**PROVIDED MATERIAL**
§

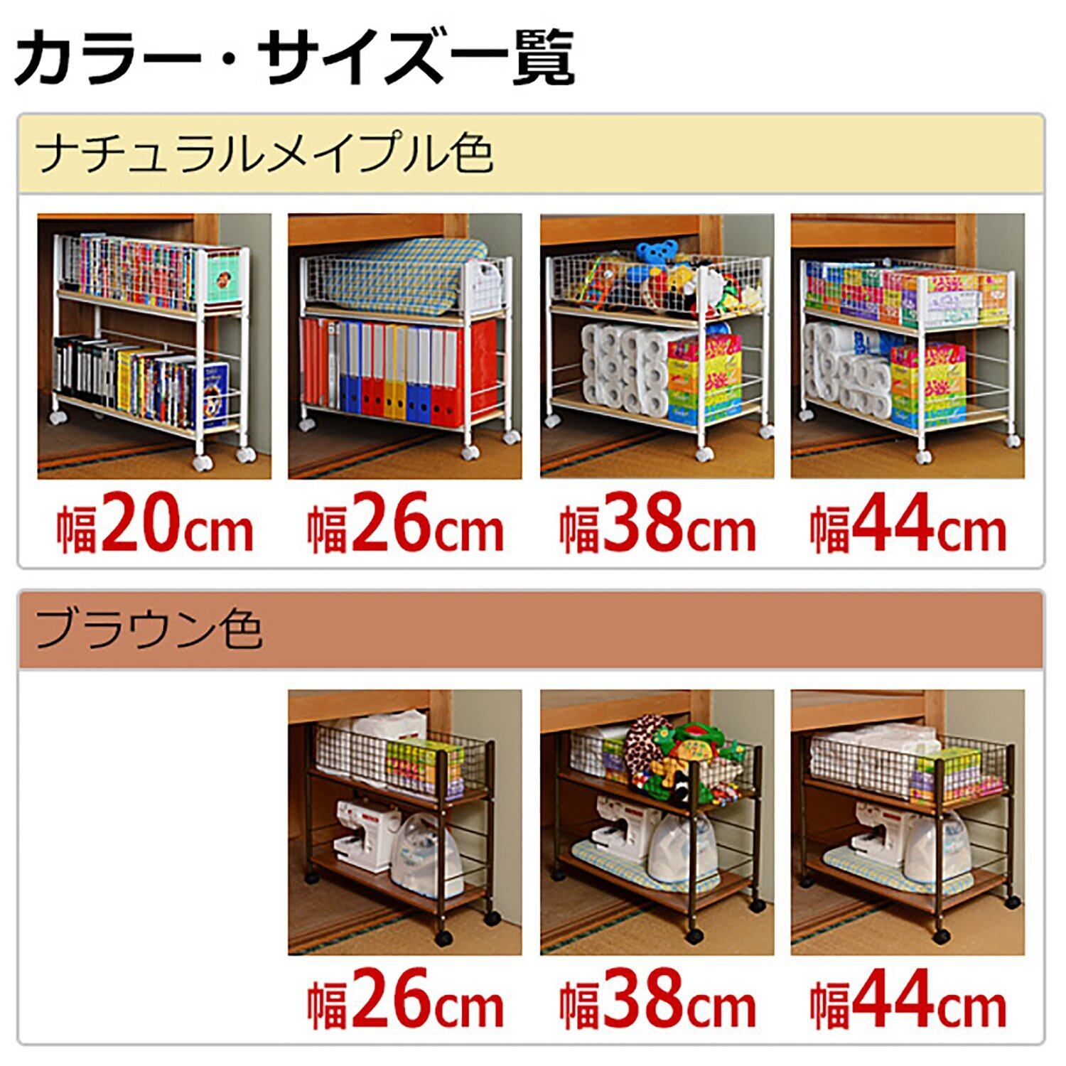 ●押入れ下段に最適なサイズ(高さ65cm)●キャスター付なので押入れから出入れが楽々●上段はビデオやコミック収納に最適サイズ●下段にはティッシュの買置き等に便利●落下防止と取出しに便利な可動ネット●キャスター4個(うちストッパー付2個)●組立品(組立時間:約20-30分)
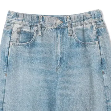 触らなければ気づかないほどの精巧なデニムプリントを施した、ジャージー素材のパンツ。ほどよいワイドで落ち感があり、ウエストゴム仕様。こんなにシルエットが美しいのにラクちんという意外性が大人気。部屋着のような着心地でおしゃれ見えが簡単にかなう! 自宅で洗濯できることも人気の理由。
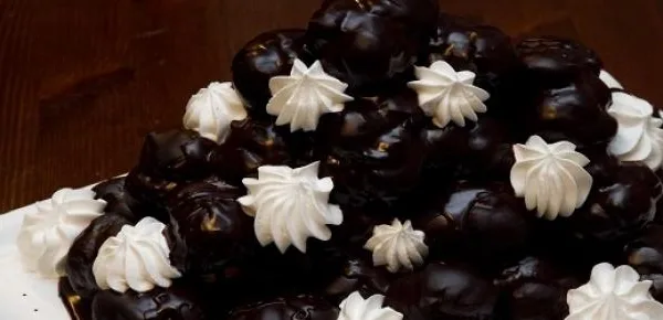 Poi, prendete un bignè alla volta e farcitelo con la crema pasticcera utilizzando una siringa per dolci. Una volta terminata questa operazione immergeteli nella glassa a cioccolato, che potrete ottenere sciogliendo del cioccolato fondente con un po' di latte. Poi disponeteli a piramide su un vassoio e decorate con la panna montata. Mettete in frigo fino al momento di servire.
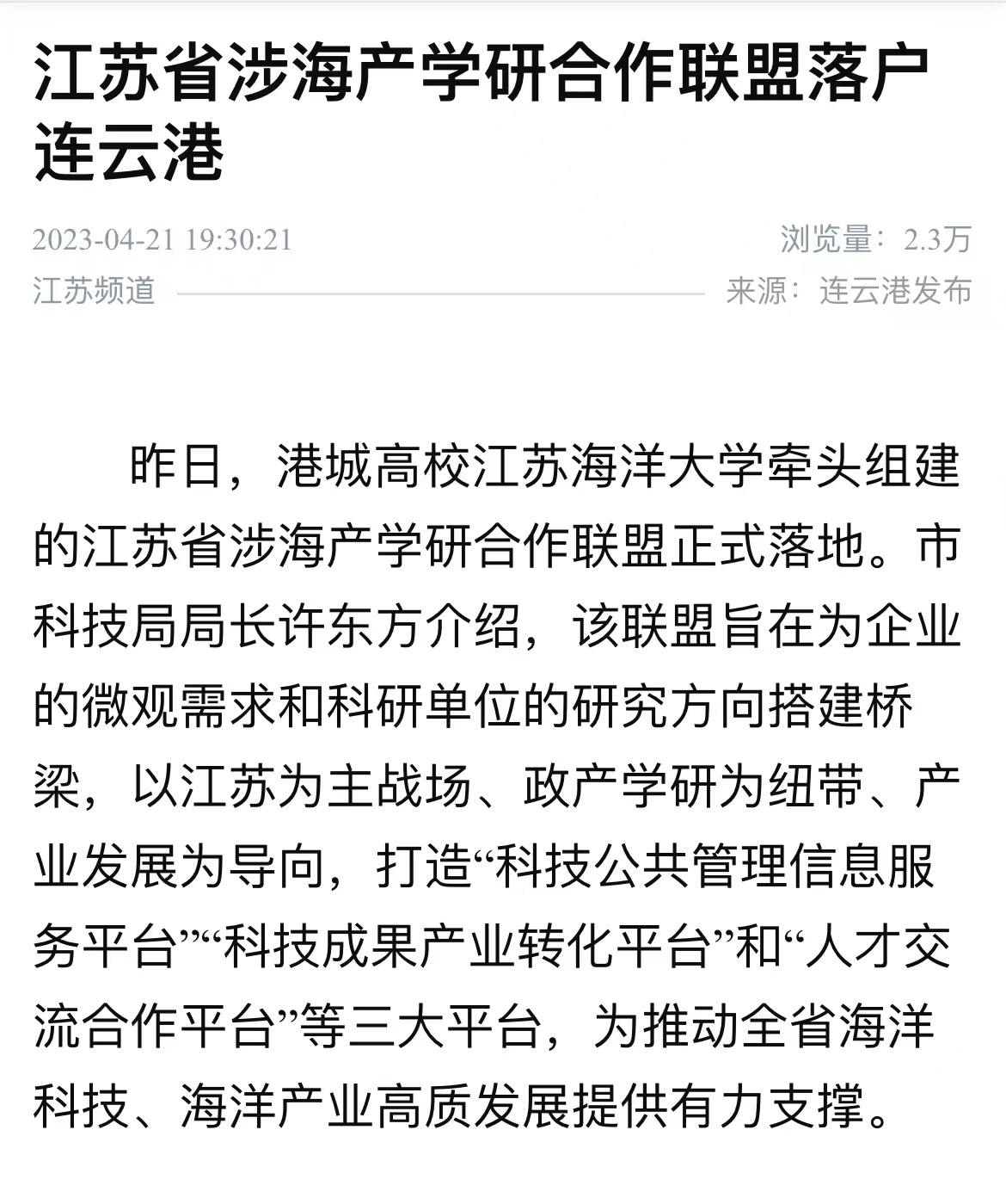 昨日,港城高校9999js金沙老品牌牵头组建的江苏省涉海产学研合作联盟正式落地。市科技局局长许东方介绍,该联盟旨在为企业的微观需求和科研单位的研究方向搭建桥梁,以江苏为主战场、政产学研为纽带、产业发展为导向,打造“科技公共管理信息服务平台”“科技成果产业转化平台”和“人才交流合作平台”等三大平台,为推动全省海洋科技、海洋产业高质发展提供有力支撑。

§

**ASSIGNMENT**
What is wanted is the listing, written out exactly, with each picture removed.

**EXPECTED OUTPUT**
 ●押入れ下段に最適なサイズ(高さ65cm)●キャスター付なので押入れから出入れが楽々●上段はビデオやコミック収納に最適サイズ●下段にはティッシュの買置き等に便利●落下防止と取出しに便利な可動ネット●キャスター4個(うちストッパー付2個)●組立品(組立時間:約20-30分)
 触らなければ気づかないほどの精巧なデニムプリントを施した、ジャージー素材のパンツ。ほどよいワイドで落ち感があり、ウエストゴム仕様。こんなにシルエットが美しいのにラクちんという意外性が大人気。部屋着のような着心地でおしゃれ見えが簡単にかなう! 自宅で洗濯できることも人気の理由。
 Poi, prendete un bignè alla volta e farcitelo con la crema pasticcera utilizzando una siringa per dolci. Una volta terminata questa operazione immergeteli nella glassa a cioccolato, che potrete ottenere sciogliendo del cioccolato fondente con un po' di latte. Poi disponeteli a piramide su un vassoio e decorate con la panna montata. Mettete in frigo fino al momento di servire.
 昨日,港城高校9999js金沙老品牌牵头组建的江苏省涉海产学研合作联盟正式落地。市科技局局长许东方介绍,该联盟旨在为企业的微观需求和科研单位的研究方向搭建桥梁,以江苏为主战场、政产学研为纽带、产业发展为导向,打造“科技公共管理信息服务平台”“科技成果产业转化平台”和“人才交流合作平台”等三大平台,为推动全省海洋科技、海洋产业高质发展提供有力支撑。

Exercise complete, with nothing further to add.